Teachta Dála
- In office November 1973 – June 1977
- Constituency: Monaghan

Personal details
- Born: 1 December 1940 (age 85) County Monaghan, Ireland
- Party: Fine Gael

= Brendan Toal =

Irish former Fine Gael politician (born 1940)

Brendan Toal (born 1 December 1940) is an Irish former Fine Gael politician, who was a TD for the Monaghan constituency from 1973 to 1977.

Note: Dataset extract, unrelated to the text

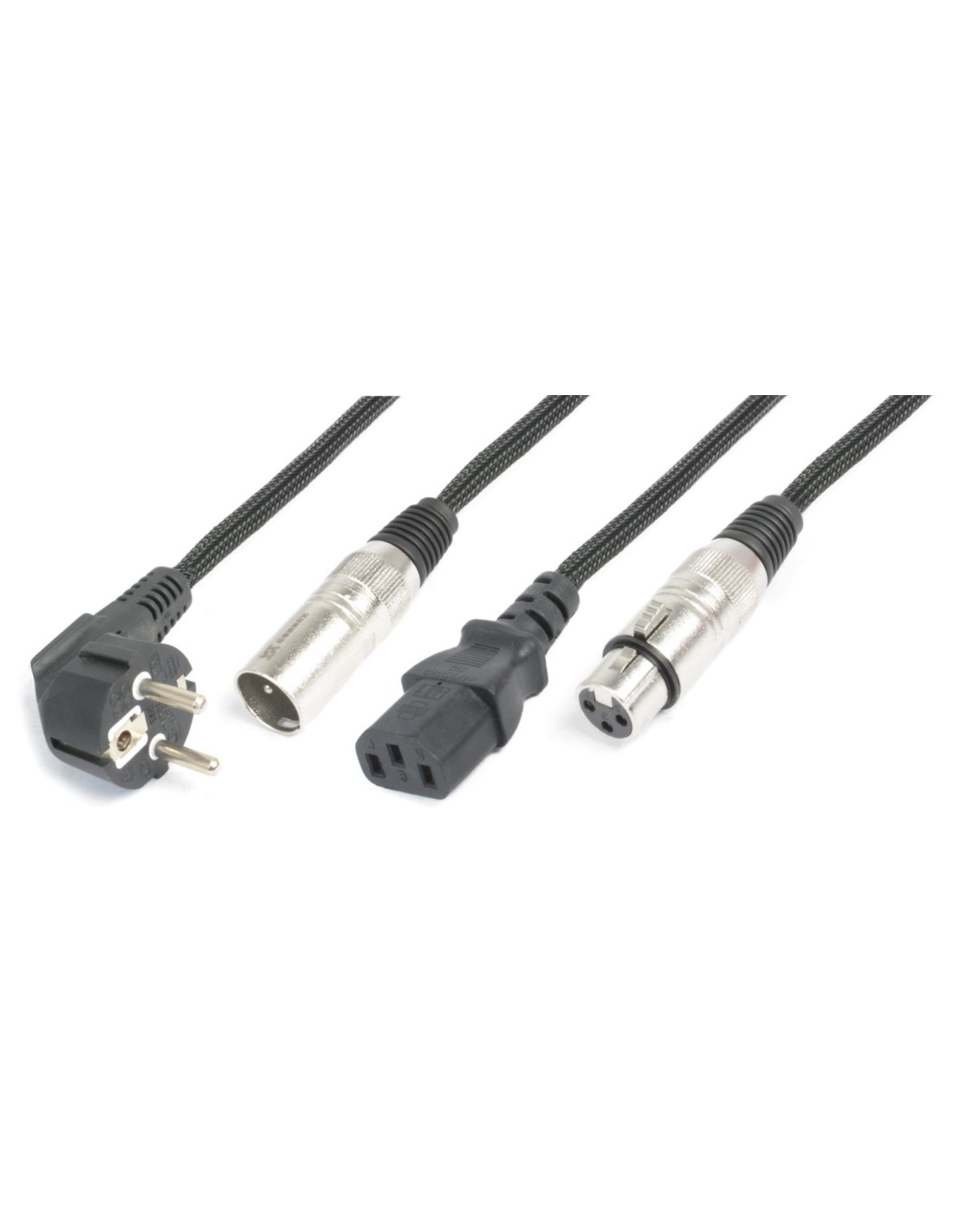 Cable de alimentacion y señal en una sola conexion. Con conectores de alimentacion Powercon, Shuko y IEC; y conector XLR de señal DMX no se necesita ningun otro cable para conectar profesionalmente sus efectos LED, cabezas moviles y baños de color de forma facil y limpia.

From Smithborough, County Monaghan, and a lawyer by profession, Toal was elected to the 21st Dáil at a by-election in November 1973, to fill a vacancy caused by the election as President of Monaghan Fianna Fáil TD Erskine H. Childers. In 1977 he was chairman of Monaghan County Council.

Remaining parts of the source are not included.